Dataset excerpts:
○ ○ ○

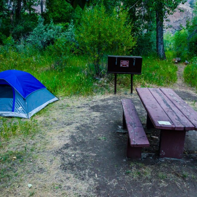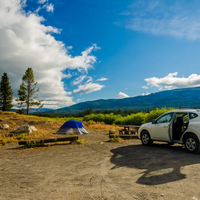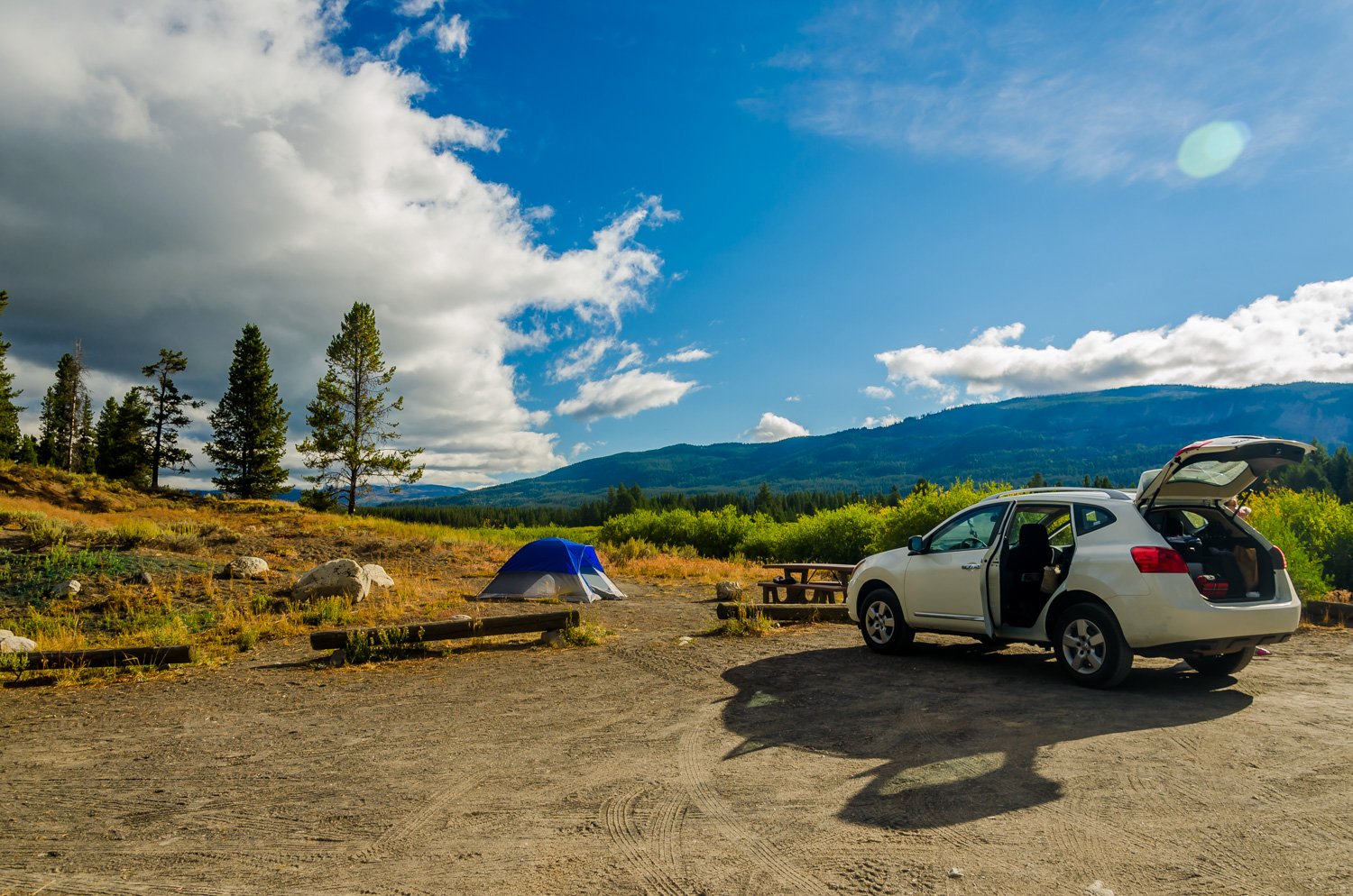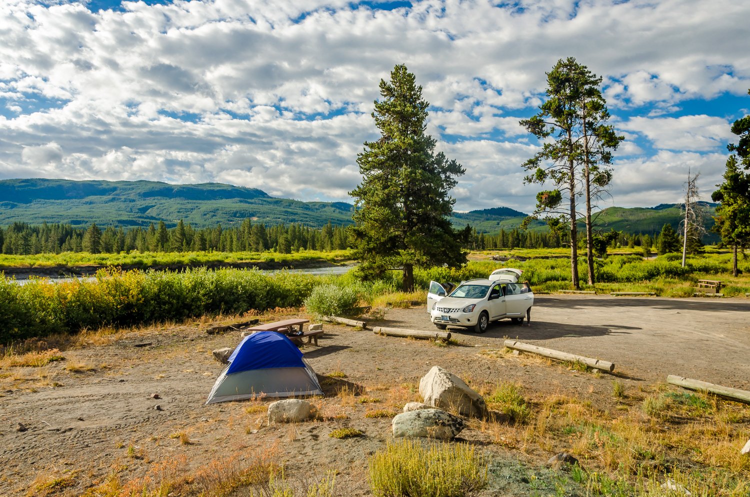 Yellowstone can also be passed through in one day, but two would be more ideal; the pace would be more comfortable, and we would also manage to bathe somewhere. There are plenty of camps there, but all are paid, so we wanted to sleep only in the selected primitive camp between Yellowstone and Grand Teton National Park, which was free. Because of the geyser Old Faithful, we sacrificed arriving at the camp in daylight, and it almost backfired on us. Although the camp was huge, in this case it was a bit of a disadvantage that it was divided into individual sites, where when it was marked that it was a site for 3 cars or caravans, it was simply no longer expected that someone else would come there, even though there was plenty of space there. And so all the sites were already marked as full. We didn’t see much in the dark, but in the end, we managed to find one abandoned bench, where, although one car was parked nearby, the people were probably sleeping in that car, and there was plenty of space for our tent. We didn’t have our food box, but we didn’t mind; we just wanted to spend the night, and it was possible here.
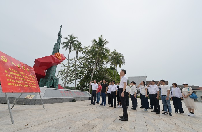 在椰子寨戰(zhàn)斗歷史陳列館,大家觀閱了王文明、楊善集、陳永芹等革命先烈的生平事跡,從大量資料和圖片,學(xué)習(xí)了瓊崖縱隊(duì)從無(wú)到有、發(fā)展壯大的光輝歷程,共同重溫椰子寨戰(zhàn)斗光輝歷史,緬懷革命先烈,汲取前進(jìn)力量。在椰子寨戰(zhàn)斗紀(jì)念廣場(chǎng),大家瞻仰了椰子寨戰(zhàn)斗主題雕塑,深刻理解雕塑寓意。全體黨員在周炳才的帶領(lǐng)下重溫入黨誓詞。
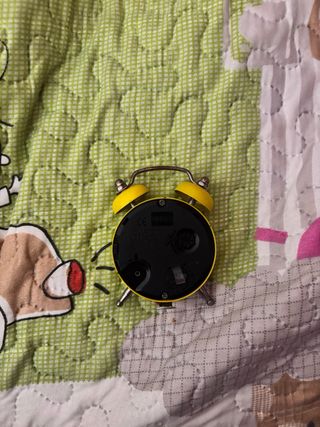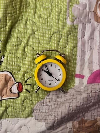 Pequeño reloj despertador con un diseño clásico y llamativo. - Esfera redonda con números claros. - Dos campanas en la parte superior. - Patas para mantenerlo de pie.
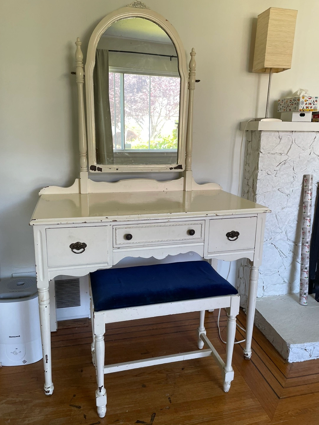 Beautiful vintage make up table with blue velvet bench. Needs a little touch up paint and love if you want it perfect, but otherwise solid and in great shape
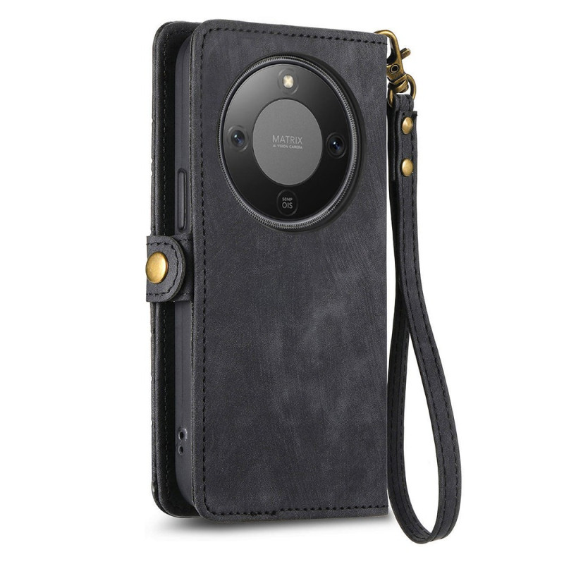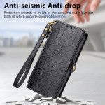 Étui portefeuille élégant avec motif géométrique, combinant cuir PU et TPU pour une protection optimale. Doté de 3 emplacements pour cartes, 1 poche pour billets, une poche zippée extérieure et un support intégré. La dragonne détachable offre un transport pratique et stylé.

○ ○ ○

:: Problem to solve ::
Reproduce the lines from the one holding "Pequeño reloj despertador" through the end of the entries above exactly, keeping both ends and dropping every picture.

:: Finished exercise ::
 Pequeño reloj despertador con un diseño clásico y llamativo. - Esfera redonda con números claros. - Dos campanas en la parte superior. - Patas para mantenerlo de pie.
 Beautiful vintage make up table with blue velvet bench. Needs a little touch up paint and love if you want it perfect, but otherwise solid and in great shape
 Étui portefeuille élégant avec motif géométrique, combinant cuir PU et TPU pour une protection optimale. Doté de 3 emplacements pour cartes, 1 poche pour billets, une poche zippée extérieure et un support intégré. La dragonne détachable offre un transport pratique et stylé.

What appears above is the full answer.